— Exercise directions —
Give again, unaltered, the lines of the listing below that run from the line having "7일(현지시간) Fed가 연방공개시장위원회(FOMC)" through the line having "接下来,何威龙拿着身份证到自".

— The input —

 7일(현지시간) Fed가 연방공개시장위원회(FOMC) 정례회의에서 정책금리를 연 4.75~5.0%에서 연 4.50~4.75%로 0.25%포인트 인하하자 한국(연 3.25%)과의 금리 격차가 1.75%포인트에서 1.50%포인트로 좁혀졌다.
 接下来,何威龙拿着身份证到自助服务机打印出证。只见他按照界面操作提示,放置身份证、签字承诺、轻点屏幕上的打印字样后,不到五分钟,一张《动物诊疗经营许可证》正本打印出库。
* * *
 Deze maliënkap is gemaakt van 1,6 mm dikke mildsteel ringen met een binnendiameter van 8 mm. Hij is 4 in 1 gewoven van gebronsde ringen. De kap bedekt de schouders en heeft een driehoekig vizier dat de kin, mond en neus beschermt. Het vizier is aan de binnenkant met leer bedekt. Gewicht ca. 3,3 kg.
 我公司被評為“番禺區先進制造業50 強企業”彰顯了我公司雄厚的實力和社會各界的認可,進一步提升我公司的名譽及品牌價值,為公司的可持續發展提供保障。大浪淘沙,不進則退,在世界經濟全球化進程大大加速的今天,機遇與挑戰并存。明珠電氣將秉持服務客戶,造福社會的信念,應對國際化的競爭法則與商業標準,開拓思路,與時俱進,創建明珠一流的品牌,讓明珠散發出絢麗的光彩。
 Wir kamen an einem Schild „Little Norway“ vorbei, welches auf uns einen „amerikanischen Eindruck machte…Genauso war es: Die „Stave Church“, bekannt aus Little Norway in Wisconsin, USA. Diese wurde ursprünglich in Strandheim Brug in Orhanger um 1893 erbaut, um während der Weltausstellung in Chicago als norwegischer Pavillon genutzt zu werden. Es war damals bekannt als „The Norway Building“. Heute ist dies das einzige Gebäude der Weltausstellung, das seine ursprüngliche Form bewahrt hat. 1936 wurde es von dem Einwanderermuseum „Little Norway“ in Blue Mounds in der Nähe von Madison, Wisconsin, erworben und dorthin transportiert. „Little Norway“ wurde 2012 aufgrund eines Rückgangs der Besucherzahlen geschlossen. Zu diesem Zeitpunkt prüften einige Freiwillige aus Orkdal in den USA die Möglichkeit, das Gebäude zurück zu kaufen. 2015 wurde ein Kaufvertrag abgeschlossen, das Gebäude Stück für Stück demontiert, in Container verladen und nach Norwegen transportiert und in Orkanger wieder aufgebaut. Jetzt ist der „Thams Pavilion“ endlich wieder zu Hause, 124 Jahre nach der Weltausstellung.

— Task result —
 7일(현지시간) Fed가 연방공개시장위원회(FOMC) 정례회의에서 정책금리를 연 4.75~5.0%에서 연 4.50~4.75%로 0.25%포인트 인하하자 한국(연 3.25%)과의 금리 격차가 1.75%포인트에서 1.50%포인트로 좁혀졌다.
 接下来,何威龙拿着身份证到自助服务机打印出证。只见他按照界面操作提示,放置身份证、签字承诺、轻点屏幕上的打印字样后,不到五分钟,一张《动物诊疗经营许可证》正本打印出库。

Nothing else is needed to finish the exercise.